All of lore.kernel.org
 help / color / mirror / Atom feed
From: "Elijah Newren via GitGitGadget" <gitgitgadget@gmail.com>
To: git@vger.kernel.org
Cc: Derrick Stolee <dstolee@microsoft.com>,
	Jonathan Tan <jonathantanmy@google.com>,
	Taylor Blau <me@ttaylorr.com>, Junio C Hamano <gitster@pobox.com>,
	Jeff King <peff@peff.net>, Karsten Blees <blees@dcon.de>,
	Derrick Stolee <stolee@gmail.com>,
	Elijah Newren <newren@gmail.com>,
	Elijah Newren <newren@gmail.com>
Subject: [PATCH v2 0/2] Optimization batch 6: make full use of exact renames
Date: Wed, 03 Feb 2021 20:03:45 +0000	[thread overview]
Message-ID: <pull.842.v2.git.1612382628.gitgitgadget@gmail.com> (raw)
In-Reply-To: <pull.842.git.1612331345.gitgitgadget@gmail.com>

This series depends on en/merge-ort-perf and makes full use of exact
renames; see commit messages for details.

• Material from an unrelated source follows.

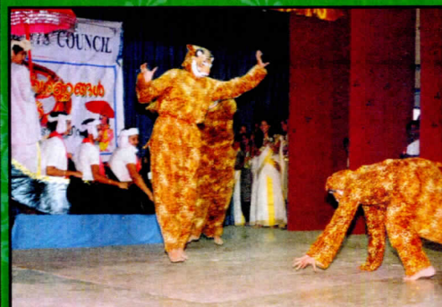
Nightingales of the English Department who bagged the first prize in "Onapattu" competition

Thanks to Stolee and Junio for reviewing v1.

Changes since v1:

 * Update rename_src_nr when updating rename_src
 * Introduce want_copies in the first patch and use it in a few more places
 * Move a comment below a few exit-early if-checks.

Elijah Newren (2):
  diffcore-rename: no point trying to find a match better than exact
  diffcore-rename: filter rename_src list when possible

 diffcore-rename.c | 69 +++++++++++++++++++++++++++++++++++++++++------
 1 file changed, 61 insertions(+), 8 deletions(-)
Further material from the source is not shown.